Delentz Pierre

Personal information
- Date of birth: November 16, 2000 (age 25)
- Place of birth: Fort Lauderdale, Florida, United States
- Height: 6 ft 1 in (1.85 m)
- Position: Defender

Team information
- Current team: FC Tulsa
- Number: 4

Youth career
- 2015–2019: Real Salt Lake

College career
- Years: Team / Apps / (Gls)
- 2019–2022: Portland Pilots / 48 / (4)

Senior career*
- Years: Team / Apps / (Gls)
- 2019: Real Monarchs / 4 / (0)
- 2023–2024: Real Salt Lake / 0 / (0)
- 2023: Real Monarchs / 14 / (1)
- 2023: → Colorado Springs Switchbacks (loan) / 6 / (0)
- 2024: → Colorado Springs Switchbacks (loan) / 20 / (2)
- 2025–: FC Tulsa / 22 / (0)

International career
- 2018: Haiti U20 / 2 / (1)

= Delentz Pierre =

Haitian footballer (born 2000)

Delentz Pierre (born November 16, 2000) is a footballer who plays as a defender for USL Championship club FC Tulsa. Born in the United States, he has represented Haiti at youth level.

== Career ==
Pierre has been part of the Real Salt Lake academy setup since 2015, and appeared for their USL Championship side Real Monarchs in 2019.

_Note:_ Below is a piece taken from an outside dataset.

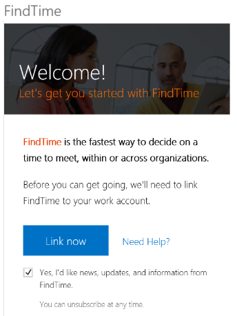 Clicking the Reply with Meeting Poll button the first time will ask you to link your app to your Office 365 account. Choose whether to received news updates and then click the Link now button.
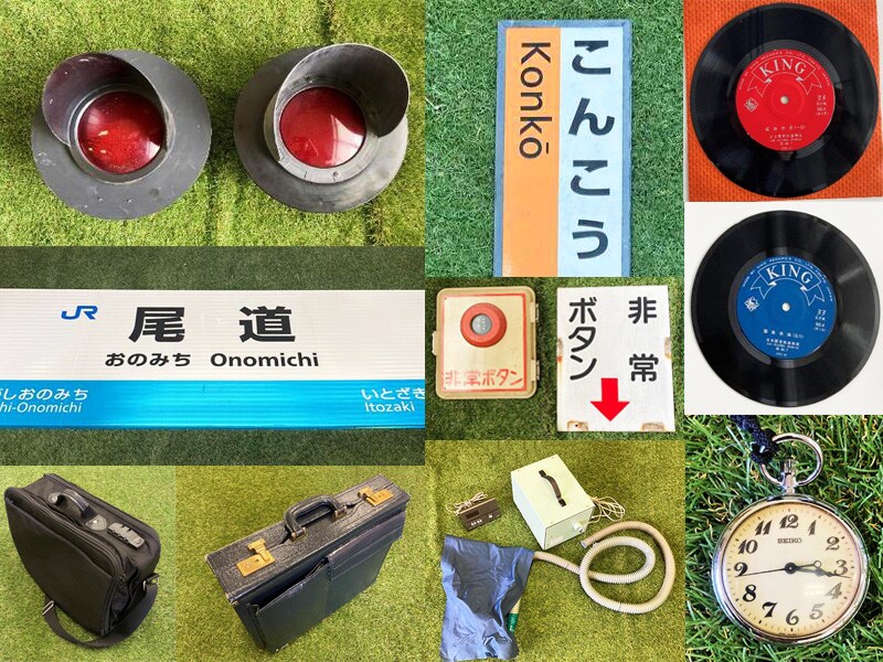 JR鉄道中古物品オークション:運転士用懐中時計、業務用鞄、駅名標など実際に使用されていた貴重な鉄道物品を出品。

From late 2019, Pierre has committed to playing college soccer at the University of Portland.

Pierre helped Colorado Springs Switchbacks to a league title while on loan from Real Salt Lake during the 2024 USL Championship season.

In January 2025, Pierre signed with USL Championship side FC Tulsa.